EX-8.2 3 d538368dex82.htm EX-8.2 EX-8.2

Exhibit 8.2

[Letterhead of Fox Rothschild]

July 22, 2013

Met-Pro Corporation

160 Cassell Road

Harleysville, PA 19348

Ladies and Gentlemen:

We have acted as counsel to Met-Pro Corporation, a Pennsylvania corporation (the “Company”), in connection with the planned mergers (the “Mergers”) pursuant to the Agreement and Plan of Merger, dated as of April 21, 2013, by and among the Company, Mustang Acquisition Inc., a Delaware corporation (“Merger Sub”), Mustang Acquisition II Inc., a Delaware corporation (“Successor Sub”), and CECO Environmental Corp., a Delaware corporation (“Parent”), in which Merger Sub will be merged with and into the Company, with the Company as the surviving corporation, following which the Company will be merged with and into Successor Sub (or its successor), where Successor Sub (or its successor) will be the surviving entity and a direct wholly-owned subsidiary of Parent, as described in the joint proxy statement/prospectus and other proxy solicitation materials of Parent and the Company constituting a part thereof (the “Proxy Statement/Prospectus”), which is included in the registration statement filed on or about the date hereof on Form S-4 by Parent (the “Registration Statement”) in connection with the Mergers.

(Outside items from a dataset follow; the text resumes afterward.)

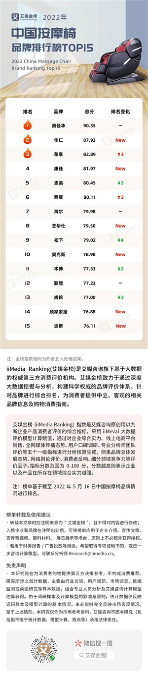 艾媒金榜|2022年中国按摩椅品牌排行榜Top15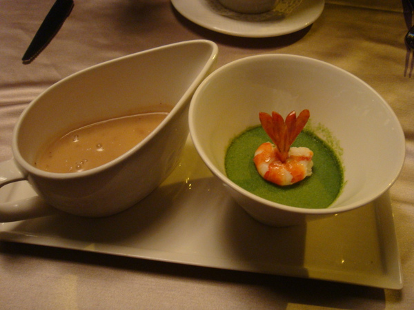 一端上桌分成蕈菇濃湯跟芙蓉鮮蝦2碗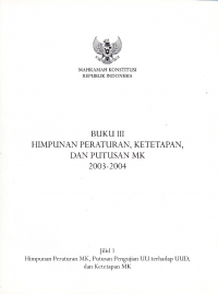 Buku III Himpunan Peraturan, Ketetapan, dan Putusan MK 2003-2004 : Jilid 1 Himpunan Peraturan MK, Putusan Penguji UU terhadap UUD, dan Ketetapan MK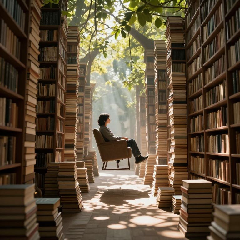 A solitary figure sits serenely on a levitating armchair amidst a labyrinthine path of towering book stacks, where sunlight filters through a canopy of leaves, casting an ethereal glow over this surreal library of dreams.

We hereby confirm to you that, in our opinion, the anticipated material U.S. Federal income tax consequences generally applicable to holders of the Company common stock who exchange their Company common stock for cash and/or common stock of Parent pursuant to the Mergers will be those set forth under the caption “Material Federal Income Tax Consequences” in the Proxy Statement/Prospectus included in the Registration Statement.

We hereby consent to the filing of this opinion as an exhibit to the Registration Statement. In giving this consent, we do not hereby admit that we are within the category of persons whose consent is required under Section 7 of the Securities Act of 1933, as amended, or the rules and regulations of the Securities and Exchange Commission thereunder.